An RTOP score, and the observations on which it is based, captures many important elements of the learning environment. However, an RTOP score is not a measure of how 'good' the teaching is. Rather, it measures how closely the course design and implementation are aligned with the RTOP categories. In addition, there are some aspects of teaching that RTOP does not measure. For example, RTOP scores do not differentiate between good student collaboration and poor student collaboration. RTOP does not explicitly address inclusive teaching strategies. Components of a course that are performed outside of the class (e.g., labs, homework, or field trips) are not considered. In addition, RTOP scoring does not incorporate out-of-class student-student or student-instructor conversations nor does it reflect the quality of an instructor's assignments. While clearly not perfect, an RTOP score can be a very useful way to look at whether an instructor is engaged in creating a student-centered classroom. Studies of active learning teaching strategies that are integral in a student-centered classroom demonstrate greater student learning gains when compared to classrooms where traditional lecture is the norm (e.g. Hake, 1998; Handelsman et al., 2004; Ruiz-Primo and Li, 2004; Deslauriers et al., 2011; Freeman et al., 2014).

Findings

From the data collected so far (N > 240, as of the fall of 2017), geoscience faculty members' total RTOP scores generally range from 20 to 80 (with an average = 40), and can be loosely categorized as:

  • Teacher-centered classrooms: RTOP scores up to 30 indicate instructor-directed lecture with limited student interaction.
  • Transitional classrooms: RTOP scores in the 31-49 range indicate instructor-directed lecture with some activities involving student-student interactions.
  • Student-centered classrooms: RTOP scores 50 and higher indicate significant student-centered activities, especially in small groups, integrated with course content.
See Teasdale et al., 2017 for more information on the study.

As part of the project, the observer team has developed a website that provides more information about the research process and the features of the RTOP instrument and how to interpret RTOP scores. The Classroom Observation Project team understands that allowing an observer to come into your class may be both stressful and a distraction, and if you are one of the faculty observed, we deeply appreciate your willingness to help our efforts.


References

Classroom Observation Project: Understanding and Improving Our Teaching. Retrieved 8 November, 2017, from https://serc.carleton.edu/NAGTWorkshops/certop/index.html.

Hake, Richard (1998). Interactive-engagement vs. traditional methods: A six-thousand-student survey of mechanics test data for introductory physics courses. American Journal of Physics, v. 66, pp. 64-74.

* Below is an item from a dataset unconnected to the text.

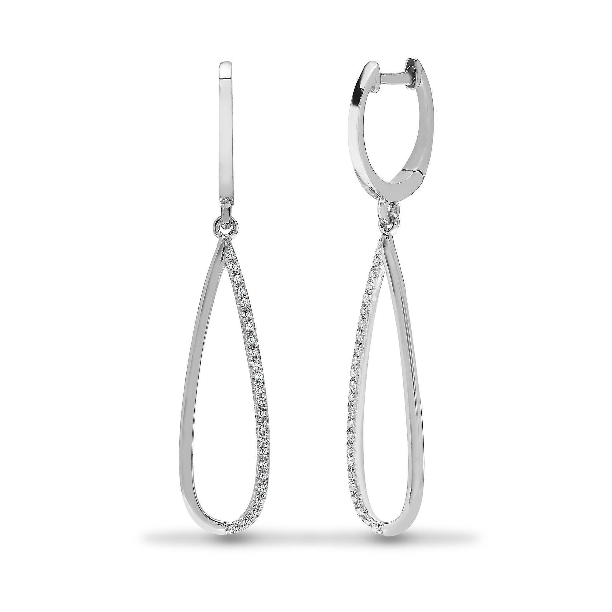 Jewelco London Solid 9ct White Gold Pave Set Round H I1 0.14ct Diamond Raindrop Huggie Drop Earrings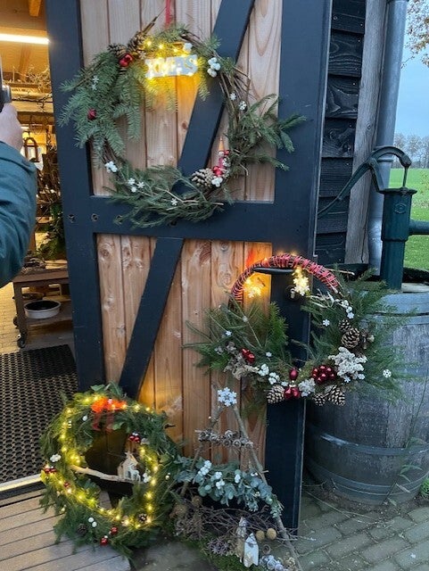 De workshops voor dit jaar zitten er bijna weer op. We hebben een aantal hele gezellige, inspirerende en enthousiaste groepen op bezoek gehad voor het maken van kerstdecoraties, kransen en huisjes van hout.

Handelsman, Jo, Diane Ebert-May, Robert Beichner, Peter Bruns, Amy Chang, Robert DeHaan, Jim Gentile, Sarah Lauffer, James Stewart, Shirley M. Tilghman, and William B. Wood (2004). Scientific Teaching. Science, v. 304, n. 5670, pp. 521-522.

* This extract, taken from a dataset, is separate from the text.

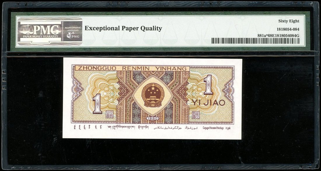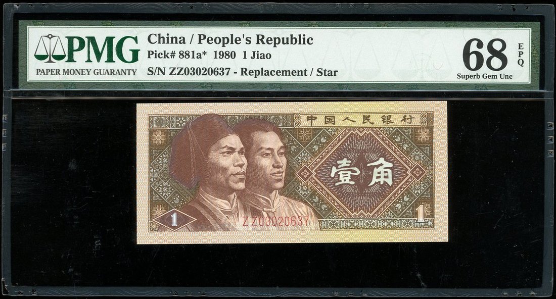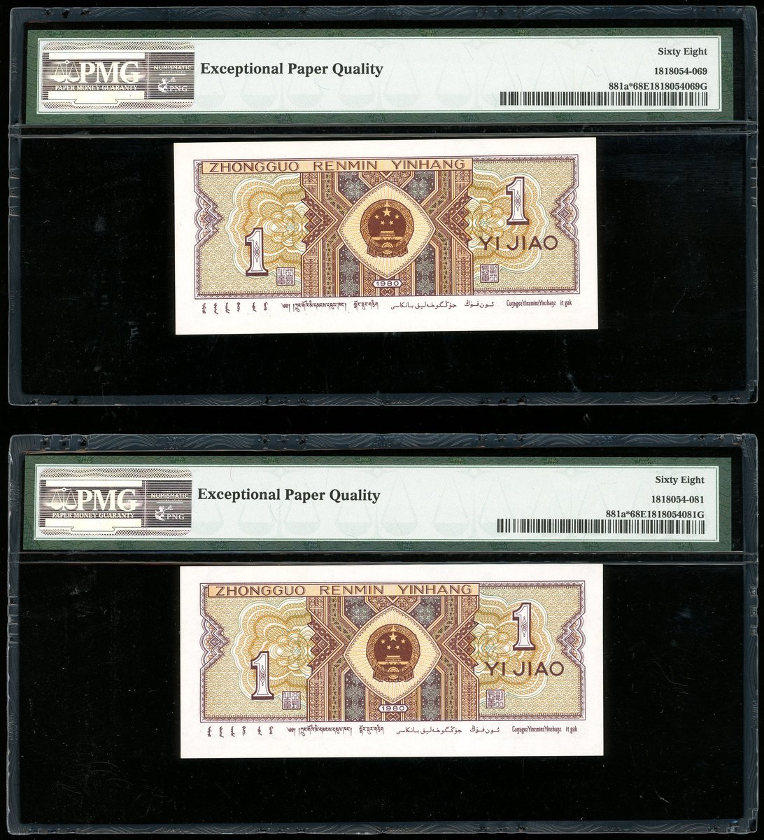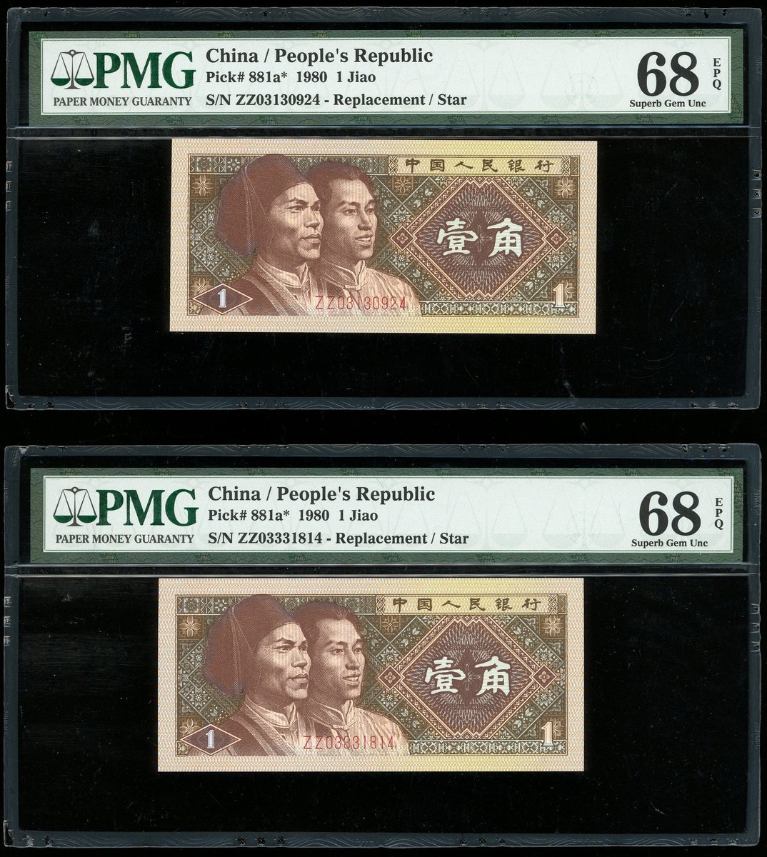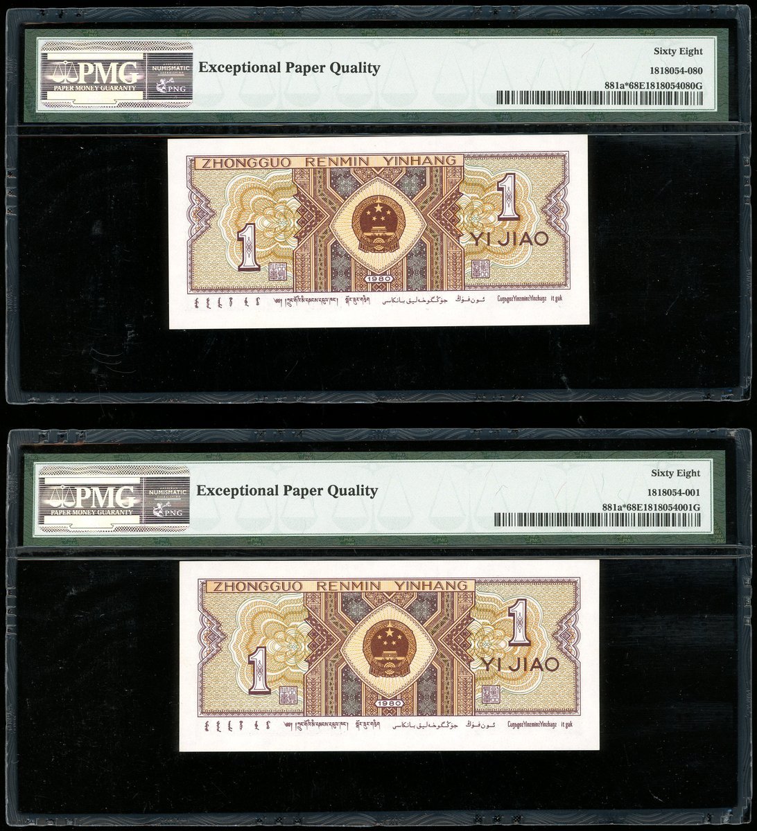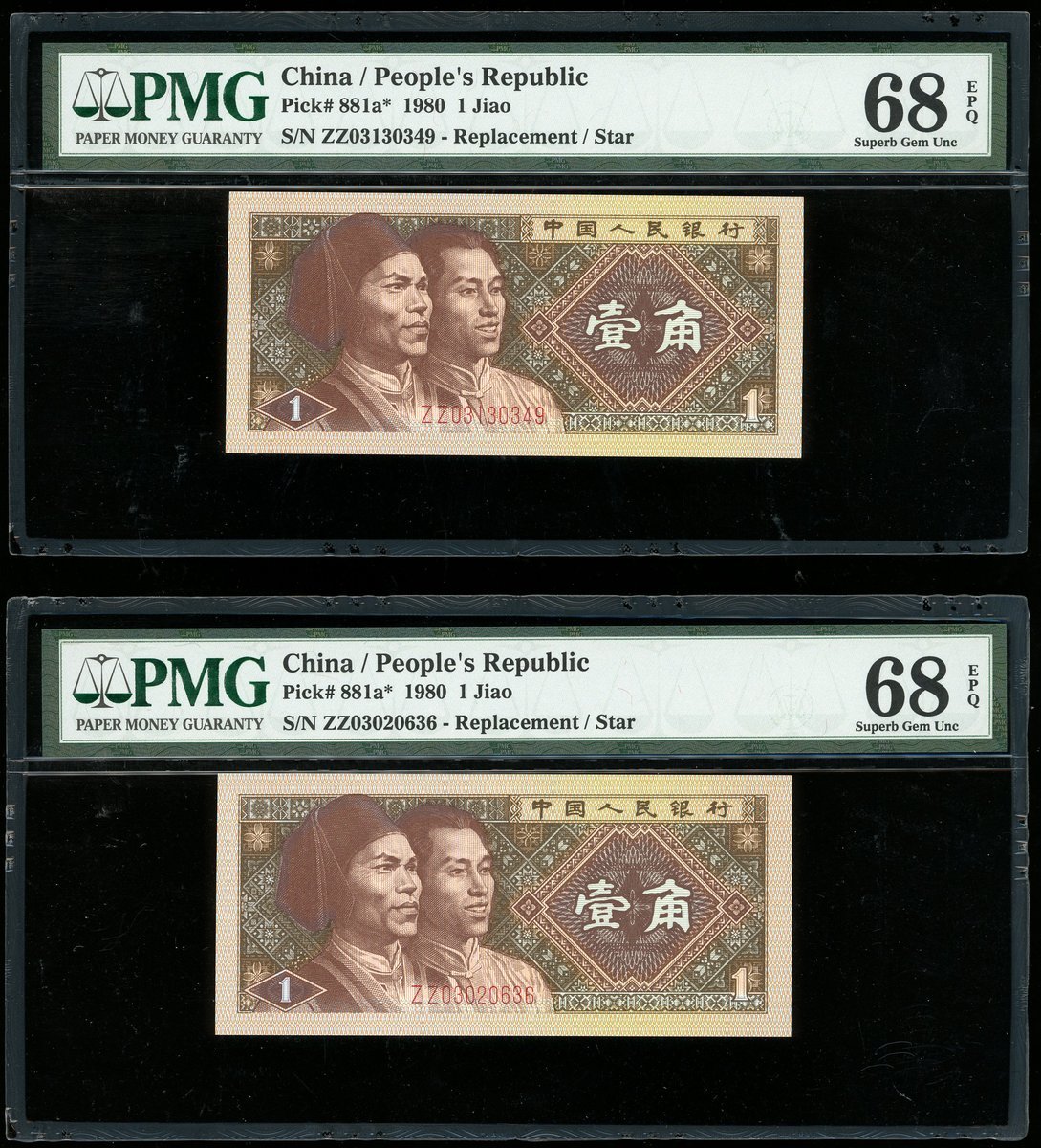 1980年中國人民銀行第四版人民幣1角一組5枚,補版編號JZZ03130924, ZZ03331814, ZZ03130349, ZZ03020636 及 ZZ03020637,均PMG 68EPQ

Ruiz-Primo, Maria Araceli and Min Li (2004). On the use of students' science notebooks as an assessment tool. Studies in Educational Evaluation, v. 30, n. 1, pp. 61-85.

Deslauriers, Louis, Ellen Schlep, and Carl Wieman (2011). Improved Learning in a Large-Enrollment Physics Class. Science Magazine, v. 332, pp. 862-864.

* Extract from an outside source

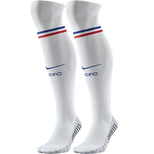 Het bijpassende voetbalbroekje is ook blauw van kleur en heeft aan de zijkanten dezelfde witte Nike strepen als het thuisshirt. Op de broekspijpen zijn de logo's van Chelsea en Nike te zien. De bijpassende voetbalsokken zijn wit van kleur en hebben aan de bovenkant een horizontale baan met daarboven drie witte strepen van Nike. Op de sokken staat ook de leeuw van het clublogo.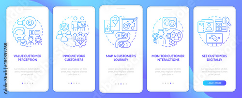 Customer-centric business blue gradient onboarding mobile app screen. Walkthrough 5 steps graphic instructions pages with linear concepts. UI, UX, GUI template. Myriad Pro-Bold, Regular fonts used

Freeman, Scott, Sarah L. Eddy, Miles McDonough, Michelle K. Smith, Nnadozie Okoroafor, Hannah Jordt, and Mary Pat Wenderoth (2014). Active learning increases student performance in science, engineering, and mathematics. Proceedings of the National Academy of Sciences, v. 111, n. 23, pp. 8410–8415.

Teasdale, Rachel, Karen Viskupic, Julie K. Bartley, David McConnell, Cathryn Manduca, Monica Bruckner, Dori Farthing, and Ellen Iverson (2017). A multidimensional assessment of reformed teaching practice in geoscience classrooms. Geosphere, v. 13, n. 2, DOI: 10.1130/GES01479.1.